Federal Judge Rules the Pause in Adjudication of Immigration Benefits for Citizens of Travel Ban Countries Is Unlawful

Judge's gavel over US immigration paperwork

Travel Bans, However, Remain In Place

On June 5th, 2026, the U.S. District Court for the District of Rhode Island ruled that the United States Citizenship and Immigration Services’ (USCIS) pause on adjudicating immigration benefits for individuals from 38 countries listed in the Trump administration’s travel ban is unlawful. In his ruling, Judge John J. McConnell, Jr. stated that USCIS exceeded its authority, failed to adequately explain the shift in policy and used pretextual national security concerns to justify its actions. Specifically, he stated that USCIS’s brief explanation, which vaguely prioritized national security concerns over the burden of processing delays for individuals with pending work permit, green card and citizenship requests, was insufficient.

Judge McConnell cited the administration’s attempt to invoke INA § 1182(f), which allows the President to suspend the entry of certain aliens whose presence in the U.S. may be detrimental to national interests. He stated that while this statute provides authority to restrict the entry of noncitizens, it does not permit the federal government to halt the adjudication of immigration benefits for those already present in the U.S. The ruling also declared other recent policies unlawful, including a hold on all pending asylum applications for individuals from travel- ban countries, as well as USCIS efforts to re-review and weigh country-specific factors to already-approved immigration benefit requests. Judge McConnell said that when each of these policies were implemented, USCIS deviated from required rulemaking procedures.

Note that while the processing of immigration benefits for individuals who are from the affected travel ban countries and are presently in the U.S. will continue, the actual travel bans remain in place.

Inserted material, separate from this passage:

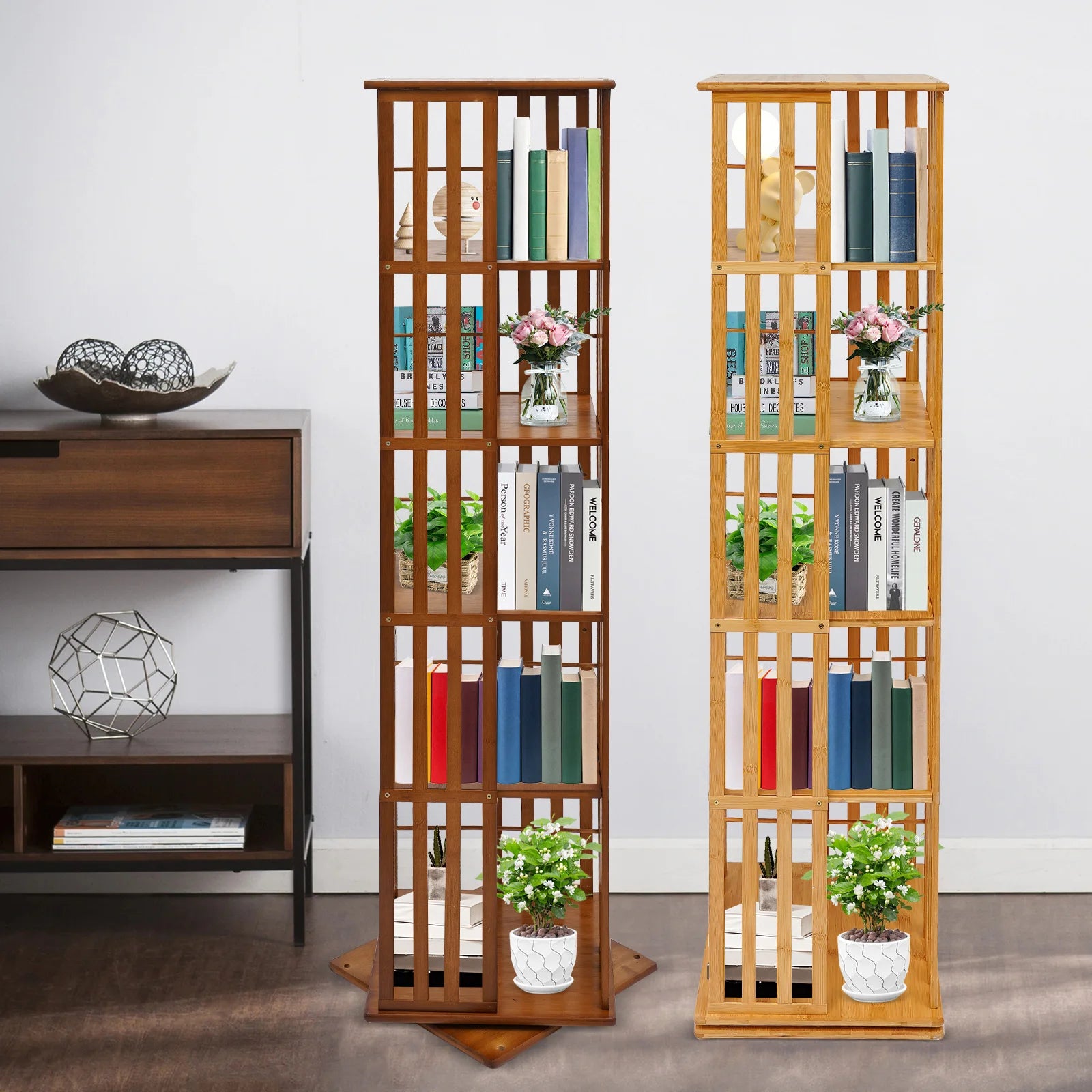 5-Tier Bamboo Rotating Bookcase,Tan/Wood Color

Travel bans initially went into effect on June 4, 2025 and were expanded on December 16, 2025. Below is a list of the affected countries and their varying degrees of travel restrictions:

Full Ban:

  • Afghanistan
  • Burkina Faso
  • Burma
  • Chad
  • Republic of the Congo
  • Equatorial Guinea
  • Eritrea
  • Haiti
  • Iran
  • Libya
  • Laos
  • Mali
  • Niger
  • Sierra Leone
  • Somalia
  • South Sudan
  • Sudan
  • Syria
  • Yemen

Partial Ban (B-1, B-2. B-1/B-2, F, M, J Non-Immigrant Visas):

  • Angola
  • Antigua and Barbuda
  • Benin
  • Burundi
  • Cote d’Ivoire
  • Cuba
  • Dominica
  • Gabon
  • The Gambia
  • Malawi
  • Mauritania
  • Nigeria
  • Senegal
  • Tanzania
  • Togo
  • Tonga
  • Venezuela
  • Zambia
  • Zimbabwe

The December 2025 expansion did not include an exception for individuals who qualify as immediate relatives. This means that while submissions[PL1.1] of Form I-130, Petition for Alien Relative filed on behalf of a spouse, sibling or child residing in one of the affected countries will likely be adjudicated, the immediate relative beneficiary will not be able to enter the U.S. on an immigrant visa until there is a revision to the travel ban.

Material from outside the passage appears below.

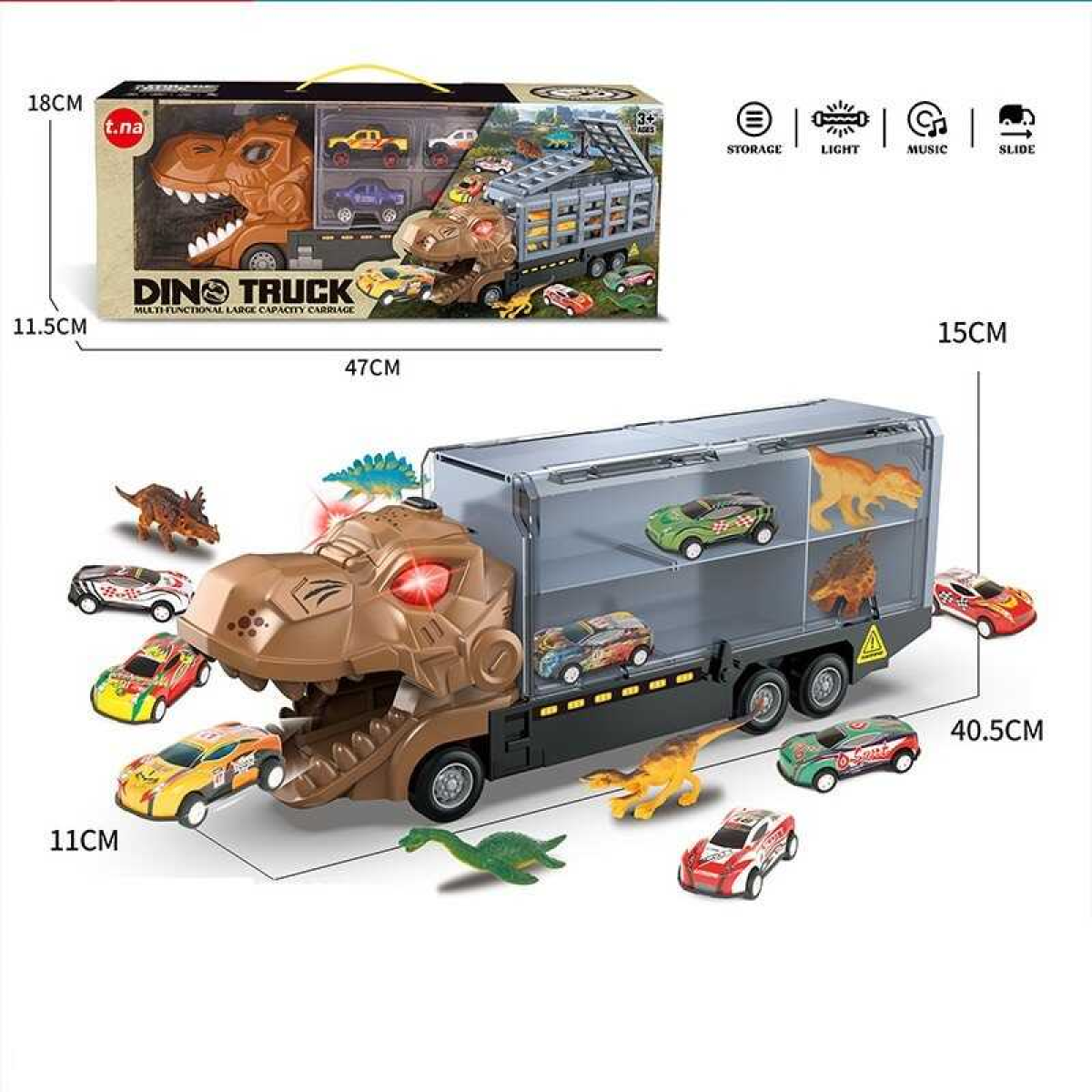 Набір машин TN 1236 AB (24/2) звук, підсвітка, 6 металопластикових машин, 6 динозаврів, трейлер, в коробці

The federal government may attempt to challenge this decision by filing an appeal. In the interim, while individuals from each of the affected countries who are presently in the U.S. and who have pending non-immigrant and family-based immigrant petitions should expect some movement on their cases, backlogs are likely to continue to delay the rendering of case decisions. Individuals from the countries subject to a full travel ban continue to be advised to not attempt entry into the U.S. until the travel bans are lifted.